Goranova concludes that the introduction of digital-based autonomous investigation in reference to the prediction of an abdominal aneurysm rupture risk is very helpful regarding lower than 5,5 mm diameter aneurysms because the achieved informational insight proved to be more precise when compared to the clinicians’ approach to foresee the aneurisms’ developments. However, she warns that the software may produce incorrect forecasts regarding large aneurysms because all bio-data (despite the diameter measurement) are dynamic and may undergo substantial changes at any moment. Meanwhile, the specific software with which she experimented considers them as static – being constant at the level obtained during the patient CT investigation performance. For instance, the higher the aneurysm expansion is, the thinner its wall becomes, so it may hold a rupture at the blood pressure level during the CT conduct. However, the same aneurysm may become very dangerous if a high blood pressure crisis arises for this patient, because the stronger the pressure on a thin wall is, the higher the probability of its puncture grows.   

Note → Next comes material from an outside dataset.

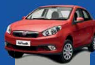
GRAND SIENA 1.0 COMPLETO 2019 A PARTIR DE R$ 42.990 19/19

GRATIS KIT PACK CONVENIENCE E ATÉ 8.000 DE BONUS NO SEU USADO NA TROCA
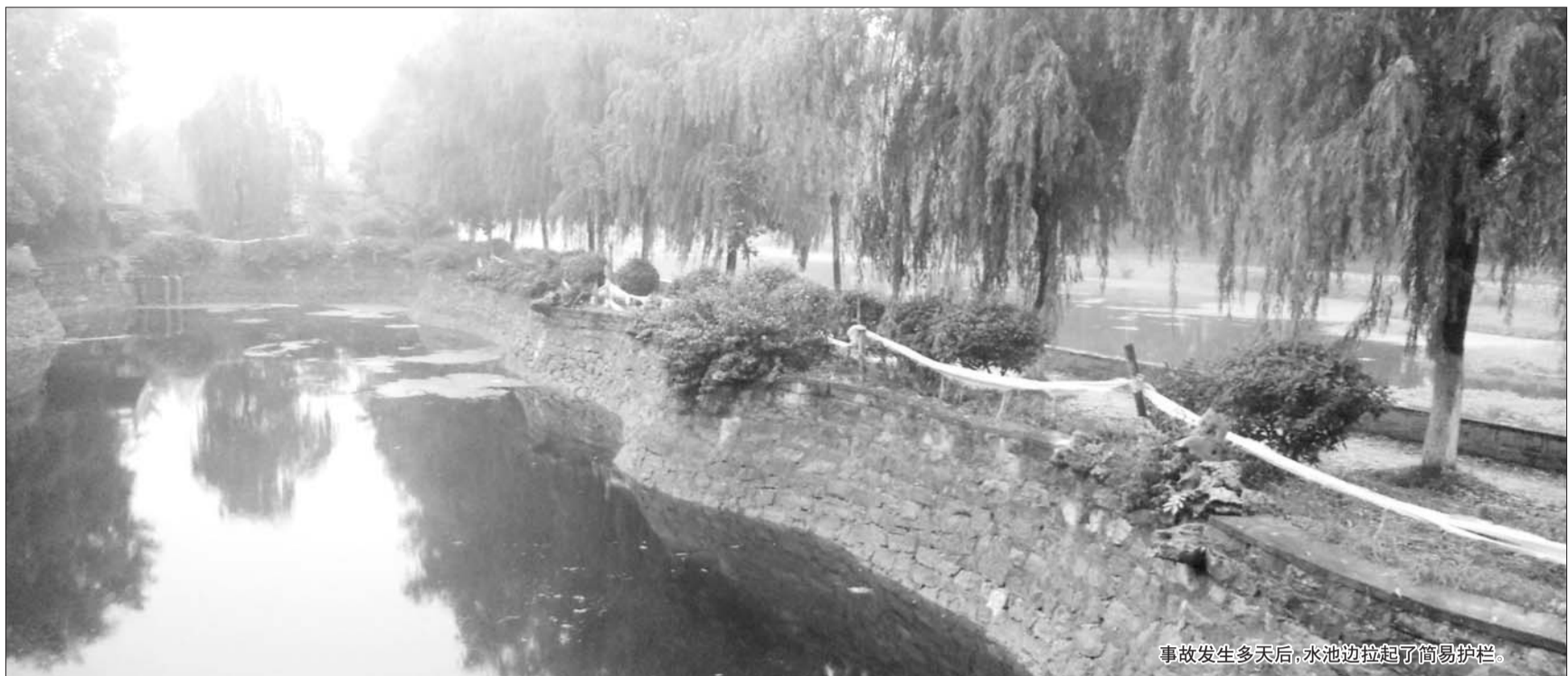
事故发生多天后,水池边拉起了简易护栏。

Significantly, because any AI activity strongly depends on the initial data supply quality, one should be certain that the former patients’ data is precise. For example, if dealing with Computer Vision, a clinician should ensure that the resolution of past CT images corresponds to the new technology requirements. As AI implementation requires a constant Big Data upload, today, experts in various medical specialties must drive the process by arranging precise data source channels. In this trend, currently, v-Registry Global Real World Evidence Project is offering a perfect example of a validated, standardized yet also customizable option for proper machine learning, moreover in a multi-lingual scenario. Of particular notice, the related privacy control appropriate management. 

CONCLUSION  

Physicians must be open-minded to any potential AI solution related to their area of competence and must study them critically based on their experience. If it has undergone a trial in advance of its implementation, doctors will be provided with evidence of its autonomously generated diagnostics and treatment plans precision and accuracy. In addition, the suggested retrospective mode of independent investigation by clinicians or clinical teams is very helpful because to allows direct comparison between their opinions and the AI-generated conclusions. Most importantly:  

  1. Any AI production strongly depends on the quality of data supply, so this is a crucial issue in terms of any examination of its trustworthiness. If you upload garbage, any AI processing will result in pure rubbish!  
  2. As explained in this article, both suggested methods of investigating AI autonomous activity pose no threat to patients and secure AI reliability in a very confident manner.  
  3. According to us, AI will never reach the level of human critical thinking. Therefore, AI cannot substitute a human doctor, unless a critical patient situation arises, characterized by the impossibility of reaching medical assistance on behalf of a physician. However, soon, human critical thinking will run in a new environment where AI operates in various domains 24/7.  
  4. Clinician teams must never straightly apply conclusions of AI in case of contradiction between their opinions and the machine outcomes. If such a situation occurs, one should always consult a more experienced colleague.